State of Arizona v. Cook Paint and Varnish Co.

Decision Date13 March 1975
Docket NumberCiv. No. 73-562-PHX-CBR.
Citation391 F. Supp. 962
PartiesSTATE OF ARIZONA, in its own behalf and on behalf of its agencies, departments, commissions and political subdivisions, et al., Plaintiffs, v. COOK PAINT AND VARNISH COMPANY, a Delaware Corporation, et al., Defendants.
CourtU.S. District Court — District of Arizona

Robins, Davis & Lyons, James L. Fetterly, Minneapolis, Minn., Fennemore, Craig, von Ammon & Udall, Calvin H. Udall, Phoenix, Ariz., for plaintiffs.

Gust, Rosenfeld, Divelbess & Henderson, Richard A. Segal, Phoenix, Ariz., Blackwell, Sanders, Matheny, Weary & Lombardi, William H. Sanders, David C. Trowbridge, Kansas City, Mo., for Cook Paint and Varnish Co.

Ryley, Carlock & Ralston, G. Read Carlock, Phoenix, Ariz., for The Flintkote Co.

Snell & Wilmer, John J. Bouma, Phoenix, Ariz., Brobeck, Phleger & Harrison, Moses Lasky, San Francisco, Cal., for PPG Industries, Inc.

Evans, Kitchel & Jenckes, N. R. Porter, Phoenix, Ariz., for Reichhold Chemicals, Inc.
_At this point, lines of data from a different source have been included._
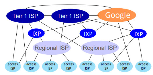 인터넷 구조는 여러개의 ISP를 거쳐 연결되는 multi-tier hierachy 구조이다.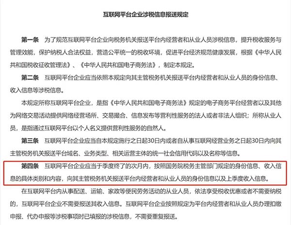 近日,《互聯(lián)網(wǎng)平臺(tái)企業(yè)涉稅信息報(bào)送規(guī)定》正式出臺(tái)實(shí)施,一石激起千層浪,社會(huì)各界對(duì)此廣泛關(guān)注。那么,這項(xiàng)新規(guī)究竟藏著哪些變化?又將對(duì)哪些群體產(chǎn)生深遠(yuǎn)影響?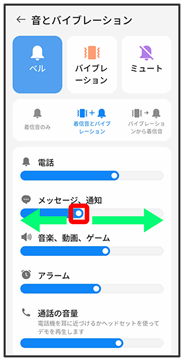 | メッセージ、通知 | メッセージや通知音の音量を設定します。 | |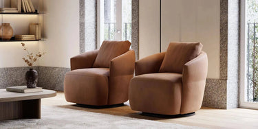 A design designed for comfort in commercial spaces, Alice is a compact, round-shaped armchair that can adapt to any environment. It features a swivel rear base that always returns to the starting point, to maintain the right position after use. This piece is enriched by exquisite stitching that enhances its details, in particular the horizontal stitching on the backrest which aligns perfectly with the height of the seat.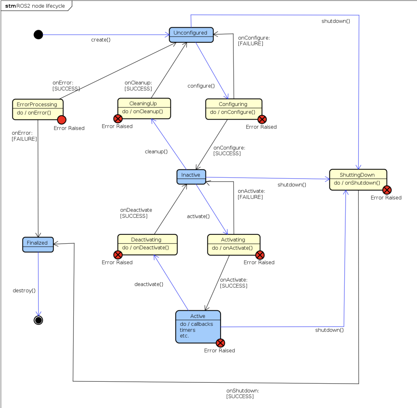 일반적으로 Node를 생성할 때랑 크게 다르지 않다. 자신이 만들 Node에 rclcpp_lifecycle::LifecycleNode를 상속시켜야 한다. 위 코드에서 우리가 주의 깊게 봐야 할 것은 on_configure, on_activate, on_deactivate, on_cleanup, on_shutdown 메서드이다. 각각 Node의 상태가 변경될 때 실행되는 함수들이다. 각각 다음과 같은 상활일때 호출된다.

Jennings, Strouss & Salmon, Charles R. Hoover, Phoenix, Ariz., Covington & Burling, Henry P. Sailer, Washington, D. C., for Upjohn Co.

MEMORANDUM OF OPINION

RENFREW,* District Judge.

On September 14, 1973, plaintiffs brought this action on behalf of themselves and on behalf of other members of a purported class1 consisting of all commercial, industrial, agricultural and governmental users of rigid polyurethane foam insulation products against five defendants, who are alleged to have manufactured and marketed these products under various trade names during the years 1965 to the filing of the action. Plaintiffs' complaint, as amended, contains four counts: count one alleges a conspiracy and combination by defendants to restrain trade in violation of Section 1 of the Sherman Act, 15 U.S. C. § 1; count two is predicated on a theory of strict liability in tort; count three charges the defendants with negligence; and count four alleges fraudulent representation. Jurisdiction as to count one is invoked pursuant to Section 4 of the Clayton Act, 15 U.S.C. § 15, and as to counts two, three and four pursuant to 28 U.S.C. § 1332, by virtue of diversity of citizenship.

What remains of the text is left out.